WHAT THE TASK REQUIRES
Shown below is a listing with pictures; reproduce exactly, and only, the lines between the ones containing "グローバル スタジオ/アースマーケティング 03-5638-9771)" and "もみを被っている米も、ソフトボールでグリグリすると…、", inclusive, leaving the pictures out.

** Opening THE DATA block **

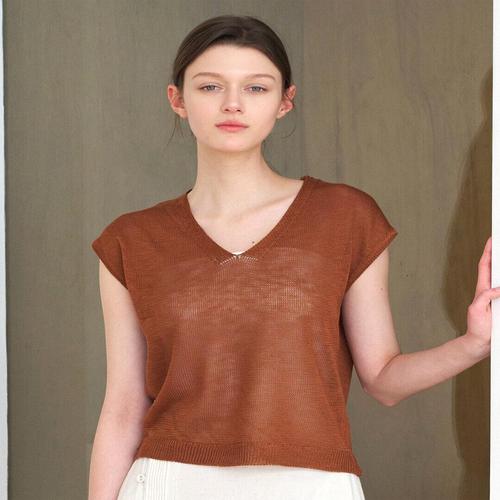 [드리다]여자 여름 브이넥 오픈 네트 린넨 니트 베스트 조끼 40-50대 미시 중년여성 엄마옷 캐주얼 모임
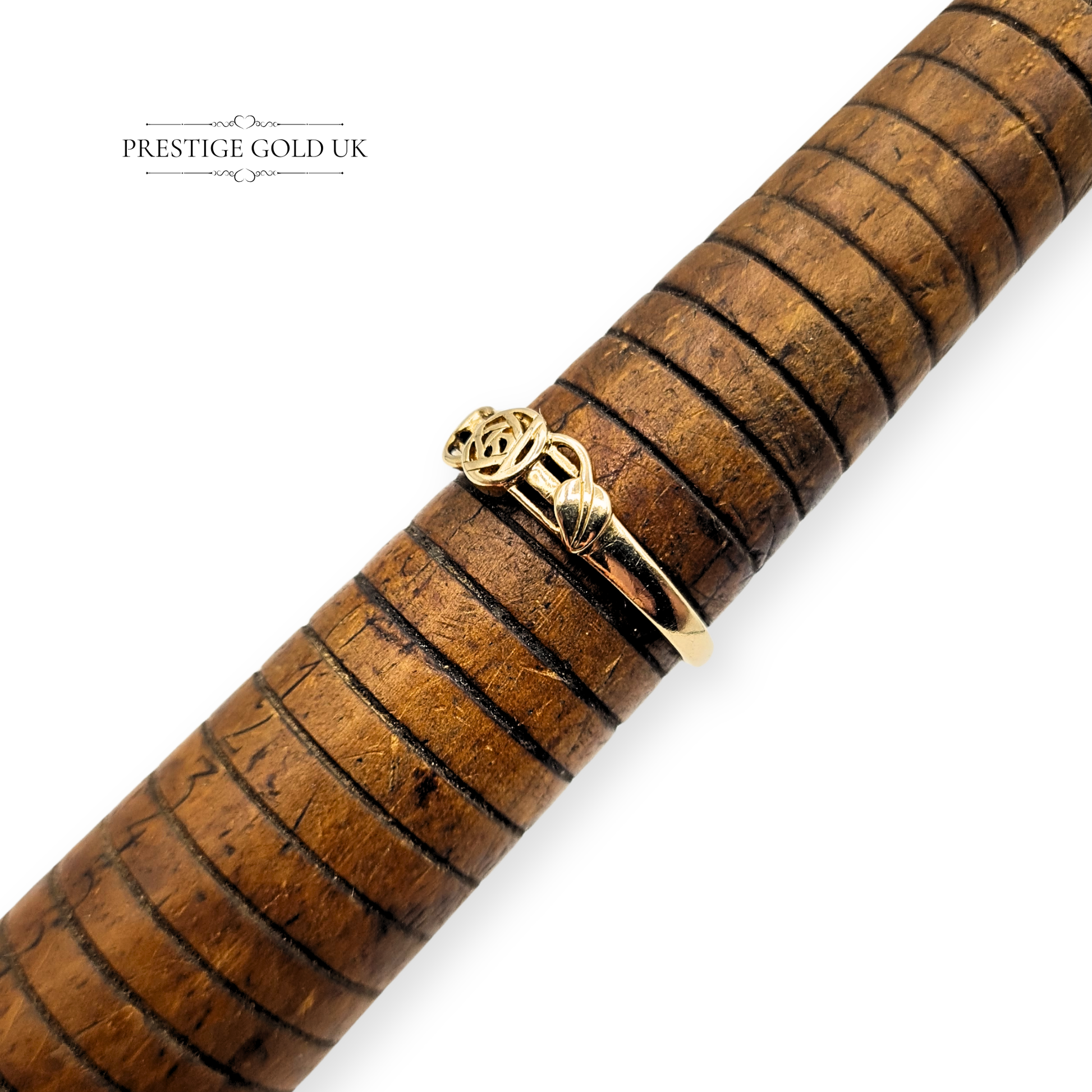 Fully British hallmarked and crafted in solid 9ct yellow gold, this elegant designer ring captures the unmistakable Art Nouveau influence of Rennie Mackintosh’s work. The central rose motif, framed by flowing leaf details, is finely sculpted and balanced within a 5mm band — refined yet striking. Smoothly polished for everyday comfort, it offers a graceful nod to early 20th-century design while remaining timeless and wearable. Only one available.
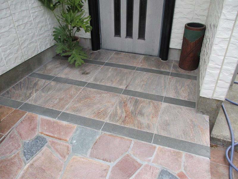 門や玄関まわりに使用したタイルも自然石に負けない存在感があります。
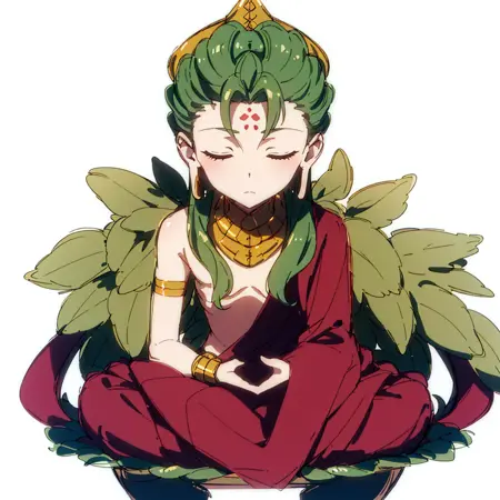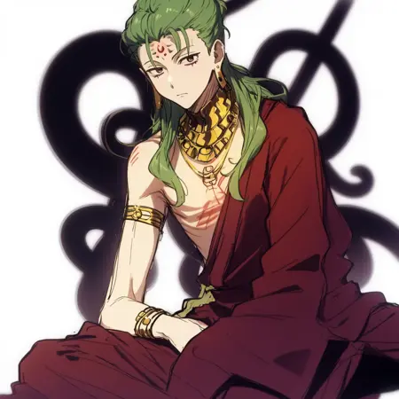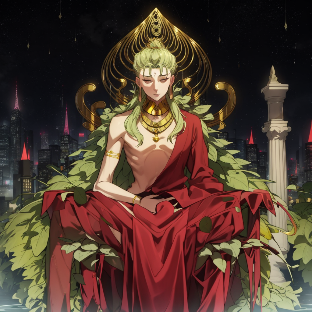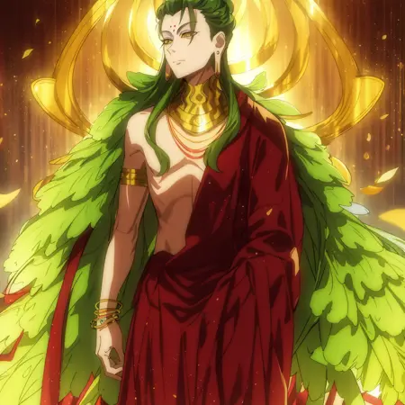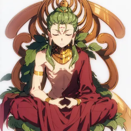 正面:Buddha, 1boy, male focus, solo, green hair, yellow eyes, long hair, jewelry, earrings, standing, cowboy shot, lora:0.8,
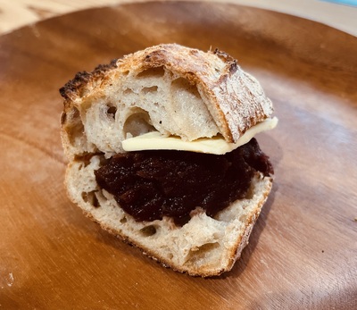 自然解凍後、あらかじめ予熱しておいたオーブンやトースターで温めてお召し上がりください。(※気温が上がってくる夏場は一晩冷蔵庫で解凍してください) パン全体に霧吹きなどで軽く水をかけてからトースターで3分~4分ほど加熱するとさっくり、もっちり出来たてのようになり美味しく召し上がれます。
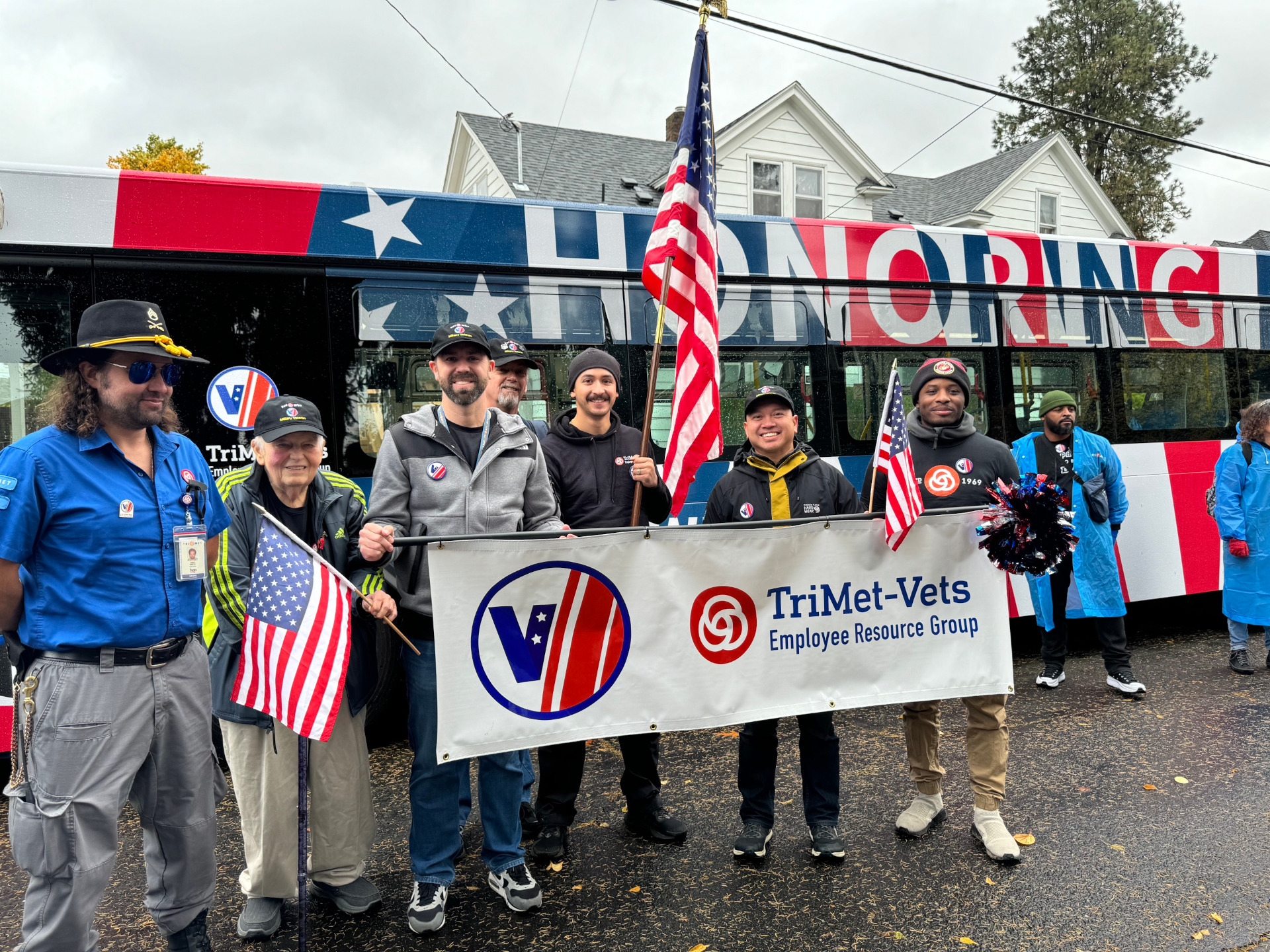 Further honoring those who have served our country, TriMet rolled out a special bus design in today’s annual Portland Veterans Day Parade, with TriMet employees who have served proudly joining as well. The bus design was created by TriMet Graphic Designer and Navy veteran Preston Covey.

** Closing THE DATA block **
** Opening THE DATA block **

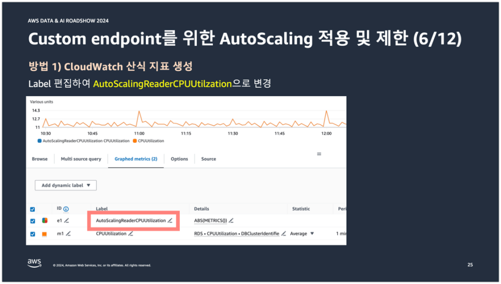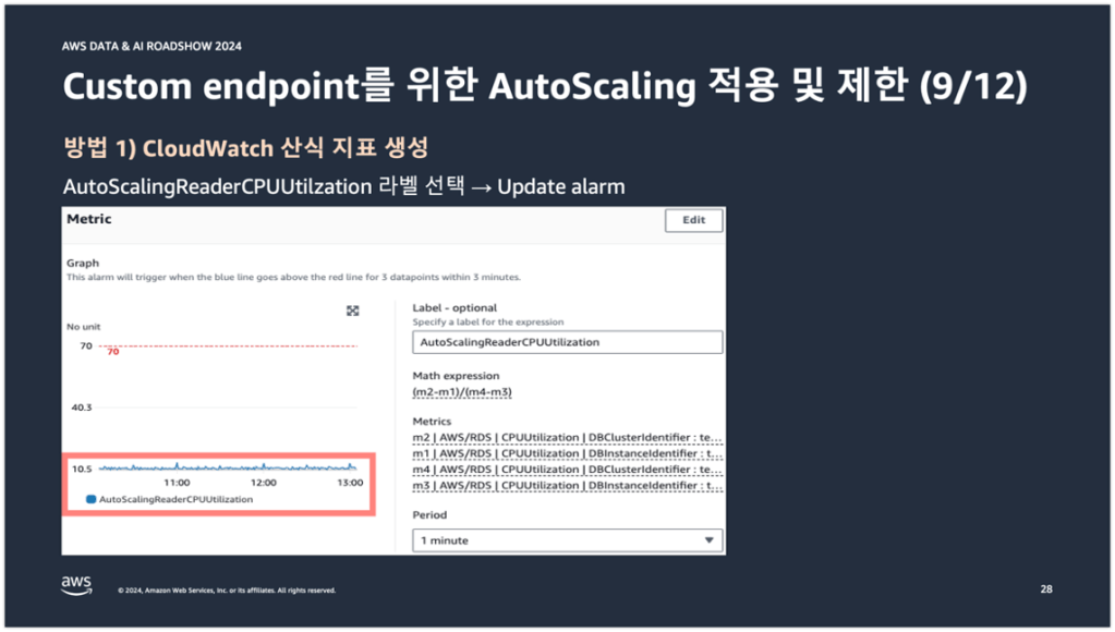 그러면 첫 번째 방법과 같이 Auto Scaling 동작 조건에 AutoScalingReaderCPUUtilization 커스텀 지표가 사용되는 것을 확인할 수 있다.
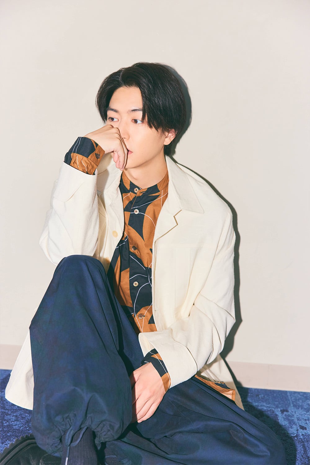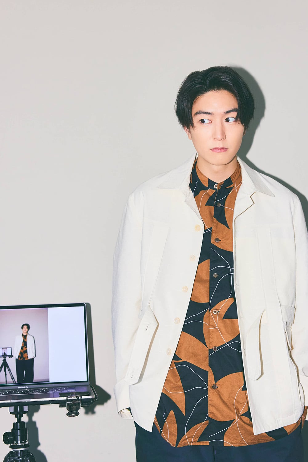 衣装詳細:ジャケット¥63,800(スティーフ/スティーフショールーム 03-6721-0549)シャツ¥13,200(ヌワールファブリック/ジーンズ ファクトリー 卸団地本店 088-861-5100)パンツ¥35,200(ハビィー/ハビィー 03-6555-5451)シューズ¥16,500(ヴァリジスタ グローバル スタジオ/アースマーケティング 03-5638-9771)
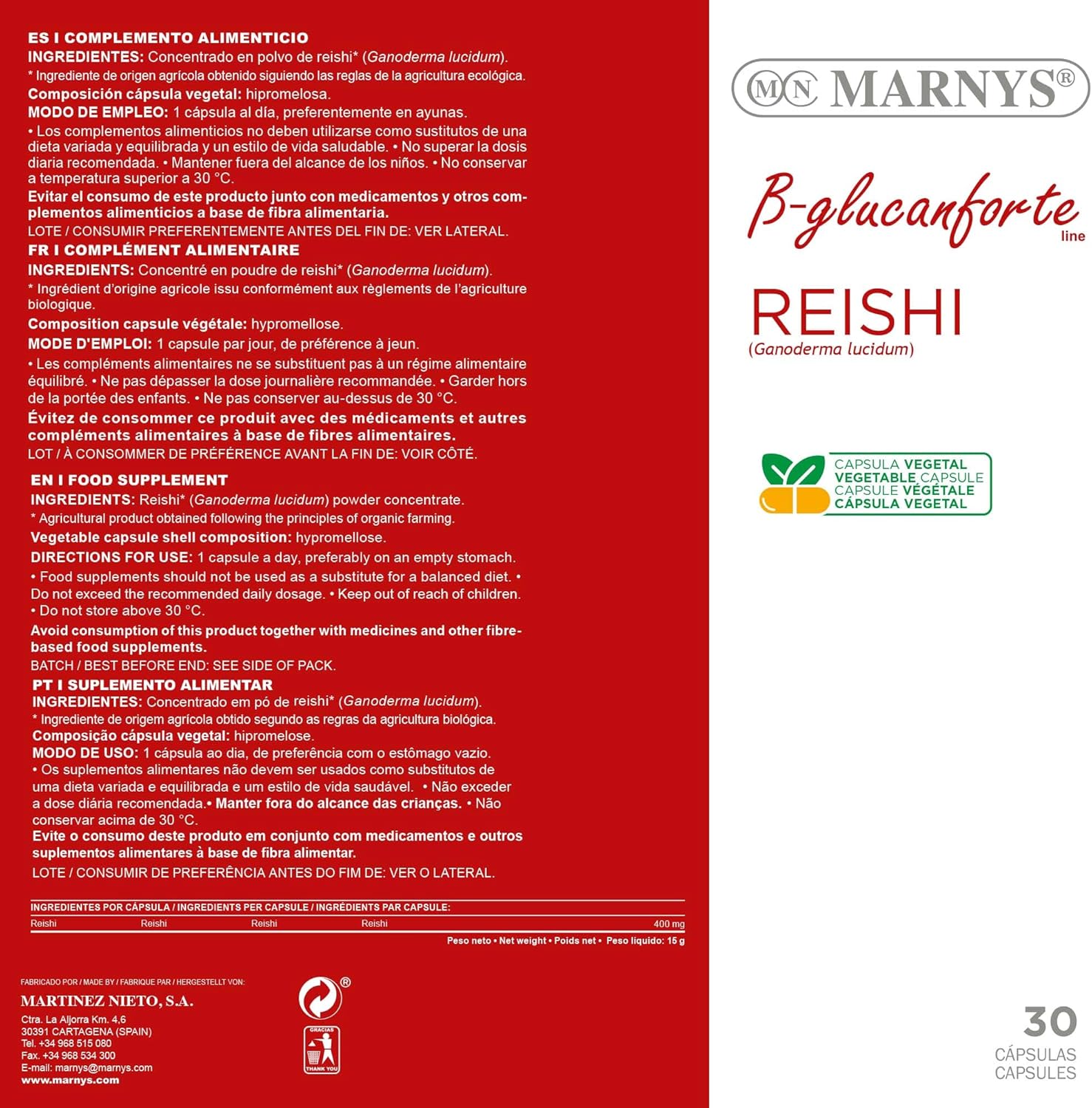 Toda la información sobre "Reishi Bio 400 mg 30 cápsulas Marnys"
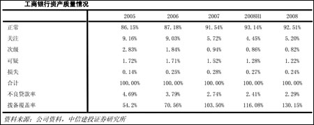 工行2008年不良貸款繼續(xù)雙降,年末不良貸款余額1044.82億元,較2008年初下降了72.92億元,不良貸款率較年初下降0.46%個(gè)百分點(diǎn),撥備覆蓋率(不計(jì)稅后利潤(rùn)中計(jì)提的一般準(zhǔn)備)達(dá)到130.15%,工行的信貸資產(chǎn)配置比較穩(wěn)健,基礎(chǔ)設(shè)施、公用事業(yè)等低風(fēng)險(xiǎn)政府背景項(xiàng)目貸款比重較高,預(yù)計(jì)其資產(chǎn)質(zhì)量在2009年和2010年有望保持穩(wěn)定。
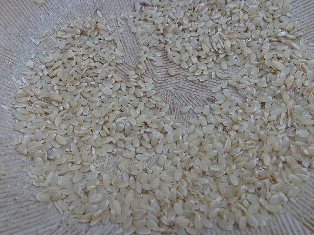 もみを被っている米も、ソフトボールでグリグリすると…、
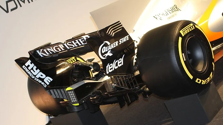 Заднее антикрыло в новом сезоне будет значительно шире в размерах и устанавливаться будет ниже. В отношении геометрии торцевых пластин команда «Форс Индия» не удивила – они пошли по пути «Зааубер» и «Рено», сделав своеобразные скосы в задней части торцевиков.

** Closing THE DATA block **
** Opening THE DATA block **

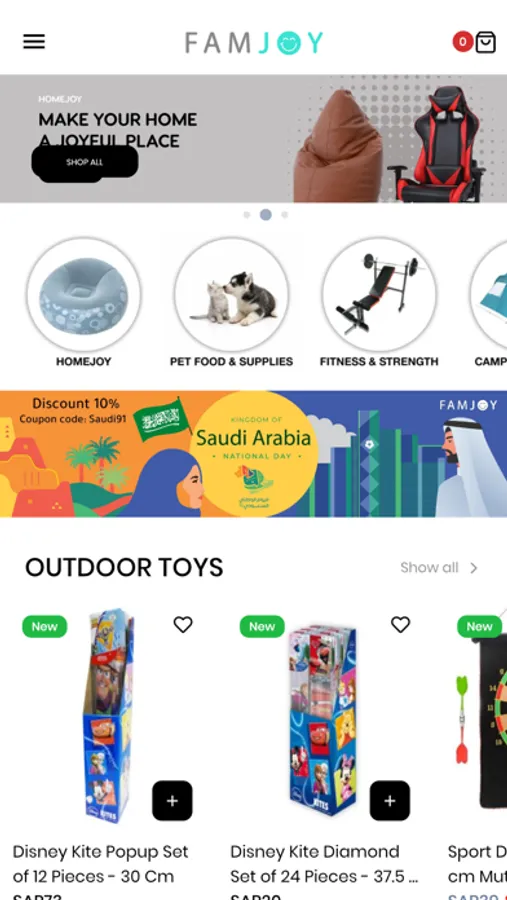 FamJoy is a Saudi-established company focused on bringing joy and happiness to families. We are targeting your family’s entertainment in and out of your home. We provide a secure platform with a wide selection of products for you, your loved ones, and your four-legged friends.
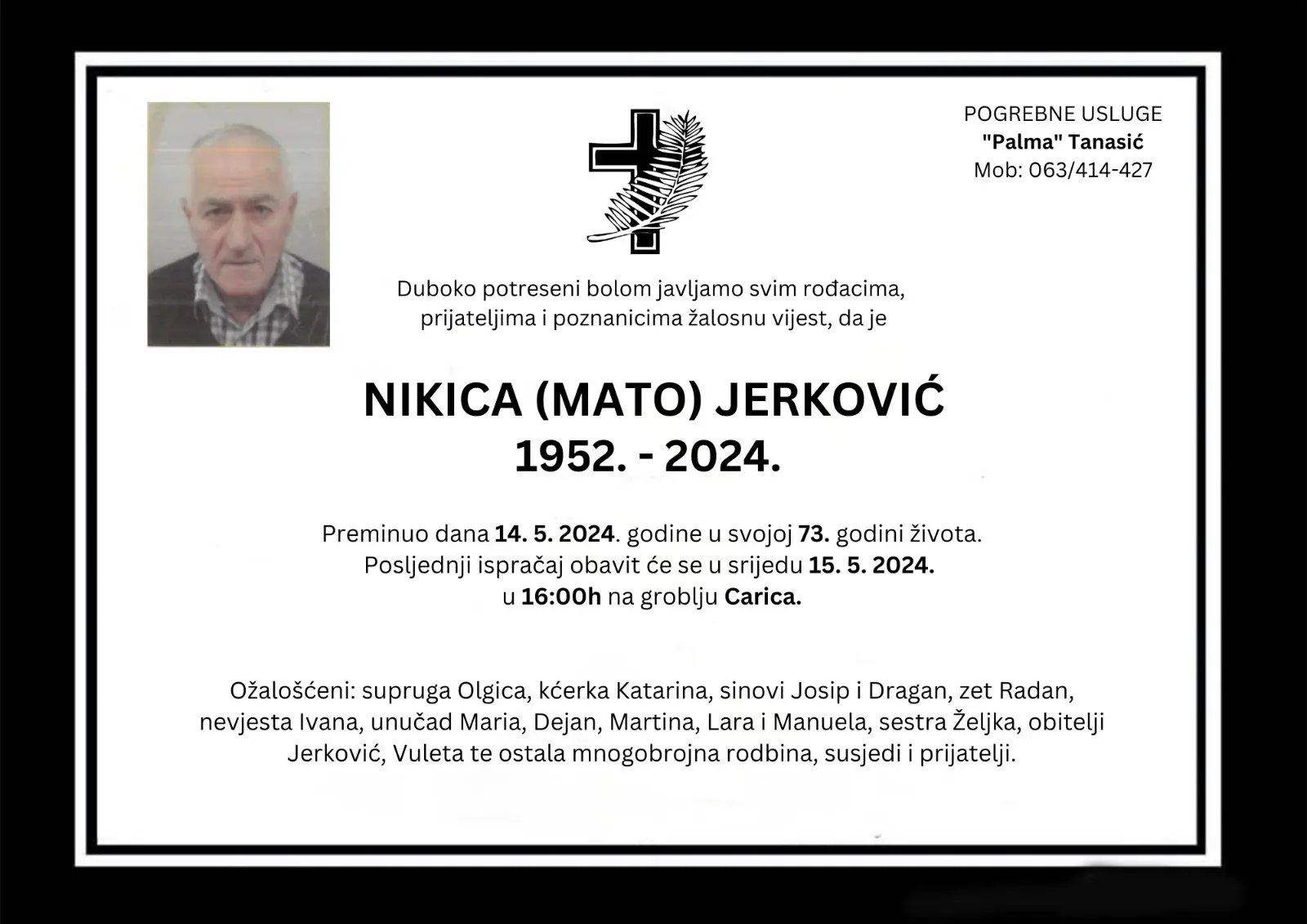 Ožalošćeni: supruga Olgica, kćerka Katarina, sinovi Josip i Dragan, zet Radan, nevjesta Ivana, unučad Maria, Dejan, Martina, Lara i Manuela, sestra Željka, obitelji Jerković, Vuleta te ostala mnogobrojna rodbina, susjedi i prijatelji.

** Closing THE DATA block **

RESULT BELOW
 衣装詳細:ジャケット¥63,800(スティーフ/スティーフショールーム 03-6721-0549)シャツ¥13,200(ヌワールファブリック/ジーンズ ファクトリー 卸団地本店 088-861-5100)パンツ¥35,200(ハビィー/ハビィー 03-6555-5451)シューズ¥16,500(ヴァリジスタ グローバル スタジオ/アースマーケティング 03-5638-9771)
 Toda la información sobre "Reishi Bio 400 mg 30 cápsulas Marnys"
 工行2008年不良貸款繼續(xù)雙降,年末不良貸款余額1044.82億元,較2008年初下降了72.92億元,不良貸款率較年初下降0.46%個(gè)百分點(diǎn),撥備覆蓋率(不計(jì)稅后利潤(rùn)中計(jì)提的一般準(zhǔn)備)達(dá)到130.15%,工行的信貸資產(chǎn)配置比較穩(wěn)健,基礎(chǔ)設(shè)施、公用事業(yè)等低風(fēng)險(xiǎn)政府背景項(xiàng)目貸款比重較高,預(yù)計(jì)其資產(chǎn)質(zhì)量在2009年和2010年有望保持穩(wěn)定。
 もみを被っている米も、ソフトボールでグリグリすると…、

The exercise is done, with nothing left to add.